# Information shown

++++++

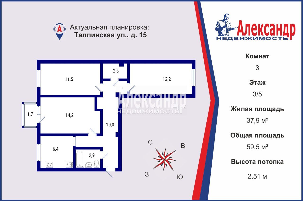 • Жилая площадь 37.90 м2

++++++

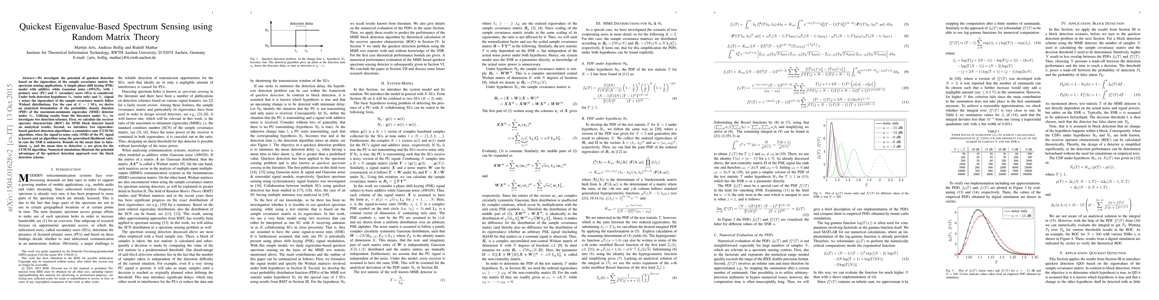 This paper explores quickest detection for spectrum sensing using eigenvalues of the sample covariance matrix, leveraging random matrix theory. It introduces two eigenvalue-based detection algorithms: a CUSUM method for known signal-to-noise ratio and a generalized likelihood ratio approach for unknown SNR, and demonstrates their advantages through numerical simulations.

++++++

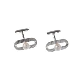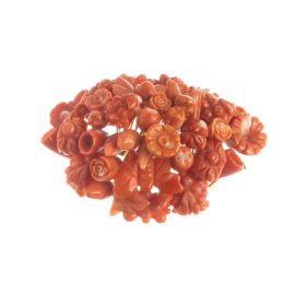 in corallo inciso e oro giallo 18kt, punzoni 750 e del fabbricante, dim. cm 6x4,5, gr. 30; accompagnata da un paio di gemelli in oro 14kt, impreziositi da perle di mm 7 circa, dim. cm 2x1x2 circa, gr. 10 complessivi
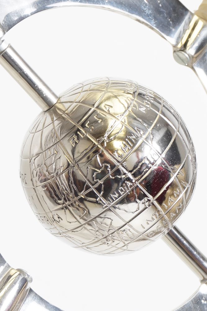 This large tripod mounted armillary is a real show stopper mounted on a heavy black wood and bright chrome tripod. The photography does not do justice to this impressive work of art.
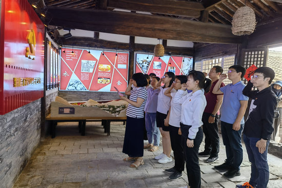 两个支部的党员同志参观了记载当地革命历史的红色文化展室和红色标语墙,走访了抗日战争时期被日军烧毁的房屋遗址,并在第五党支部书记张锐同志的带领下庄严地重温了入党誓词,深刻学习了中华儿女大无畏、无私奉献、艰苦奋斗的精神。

++++++

# Problem statement
Look through the listing above for the line with "in corallo inciso" and the line with "两个支部的党员同志参观了记载". Write out exactly those lines and everything between, leaving out pictures.

# Completed exercise
 in corallo inciso e oro giallo 18kt, punzoni 750 e del fabbricante, dim. cm 6x4,5, gr. 30; accompagnata da un paio di gemelli in oro 14kt, impreziositi da perle di mm 7 circa, dim. cm 2x1x2 circa, gr. 10 complessivi
 This large tripod mounted armillary is a real show stopper mounted on a heavy black wood and bright chrome tripod. The photography does not do justice to this impressive work of art.
 两个支部的党员同志参观了记载当地革命历史的红色文化展室和红色标语墙,走访了抗日战争时期被日军烧毁的房屋遗址,并在第五党支部书记张锐同志的带领下庄严地重温了入党誓词,深刻学习了中华儿女大无畏、无私奉献、艰苦奋斗的精神。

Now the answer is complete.